Чуть поодаль стояла группа отцов города и именитых граждан Новороссийска, не по погоде обряженных в черные цилиндры.
День выдался по-осеннему ветреным, и море, серое, взволнованное, казалось совсем неприютным.
Лишь белые пенистые гребни волн местами расцвечивали его.
Более пяти лет Ивлев не видел Черного моря. В последний раз он был в Новороссийске летом тринадцатого года. Тогда в порту грузились свои и иностранные торговые суда, рейд оглашался деловыми гудками. В бухту входили белотрубые пароходы, и палубы их пестрели нарядной публикой. Всюду на просторе синих вод белели паруса рыбацких шхун, баркасов, турецких фелюг. Далеко, чуть ли не у линии горизонта, означая себя клубами густого черного дыма, маячили русские военные корабли.
Теперь же, после того как минувшим летом Черноморский флот был порушен, а страны прекратили сношения с охваченной революцией Россией, в мертвом порту кое-где у причала стояли лишь старые, неуклюжие баржи с побитыми, потертыми боками. Уныние обезлюдевшего порта усугублялось мрачностью заброшенных пакгаузов.
Мрачны были и мысли Ивлева: что могут дать обескровленной России англичане и французы, отнюдь не искренние ее друзья? Не торопятся ли они к дележу лакомых кусков бывшей Российской империи?
С холодного, почти лилового моря порывисто дул влажный ветер, орошавший лица солеными брызгами. Он беспощадно трепал полы поношенных шинелей встречавших, полотнища трехцветных флагов, прикрепленных к телеграфным столбам.

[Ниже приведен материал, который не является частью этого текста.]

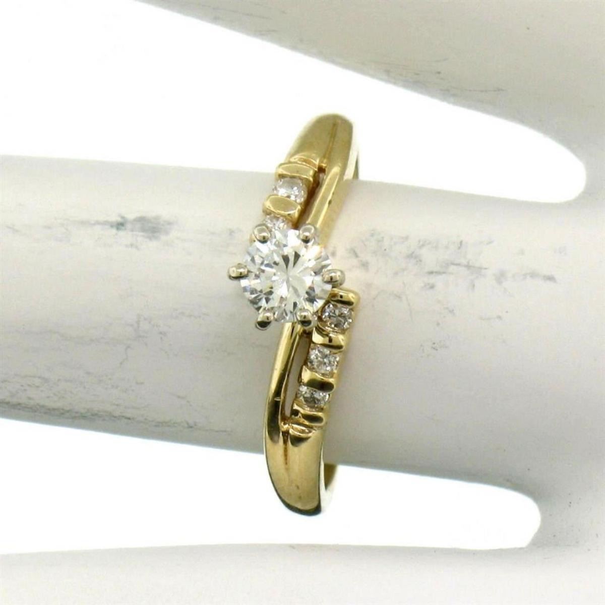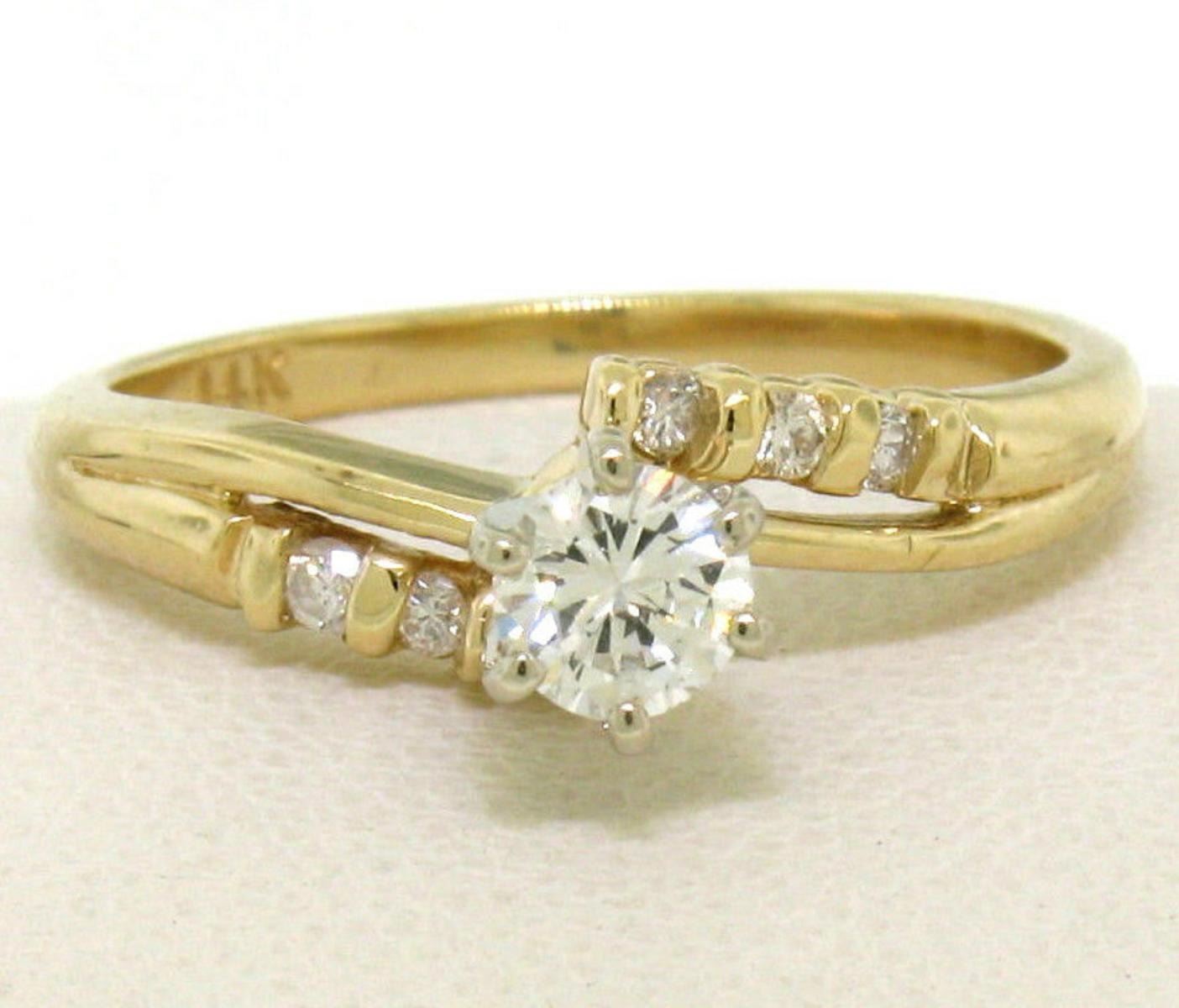 A solid 14k yellow gold engagement ring with a larger round brilliant cut diamond (G/H - SI1; 0.30ct) accented by 6 smaller round brilliant cut diamonds (G/H - SI1; 0.10ctw). The ring is size 6.5, weighs a total of 2.7 grams, and measures 5.8mm wide.

Низкое ноябрьское солнце едва мерцало сквозь взвихренную мглу. В его тусклом, негреющем свете мертво торчали трубы цементных заводов и чрезвычайно убого выглядели жалкие домишки Мефодиевского поселка. От едкой мелкой пыли слезились глаза, трудно было глядеть на море, на мол, из-за которого уже поднимались клубы дыма подходившей эскадры.
Первым пришвартовался к причалу большой крейсер «Кентербери» под английским флагом, пришедший в сопровождении двух миноносцев. На его сходнях появилась большая группа офицеров.
Английскую миссию возглавлял широкоплечий, рослый генерал Пуль. Следом за ним сошли пятнадцать офицеров в новеньких френчах, с накладными карманами, в желтых ботинках на толстой подошве, с ярко блестевшими медными пистонами для шнурков.
Впереди французской миссии из семи офицеров шагали пожилой, носатый, с узкими плутоватыми глазами капитан Фуке и подвижный черноглазый лейтенант Эрлиш. Греческая миссия была и того меньше: три младших офицера.
Духовой оркестр поочередно исполнил, как полагается, все три государственных гимна – английский, французский и греческий, а вместо «Боже, царя храни» – «Марш Преображенского полка».
Пуль, обходя почетный караул, увидел на груди одного рядового офицерский Георгиевский крест и похожий на него английский офицерский крест.
– Не ошибка ли это? – спросил он у Кутепова с некоторой ехидцей.
– Нет, ваше превосходительство, – был готов к ответу Кутепов. – Рядовой этот – капитан лейб-гвардии Преображенского полка и награжден вашим орденом в шестнадцатом году. В почетном карауле – все офицеры в чине не ниже поручика.
Генерал Пуль изобразил на своем лице некое смущение и стал подавать руку всем, кто стоял в строю.
Два дня союзные миссии пробыли в Новороссийске, а затем поездом отбыли в Екатеринодар.
На вокзале их встретили помощник главнокомандующего генерал Драгомиров, войсковой атаман Филимонов и представитель Всевеликого войска Донского генерал Смагин.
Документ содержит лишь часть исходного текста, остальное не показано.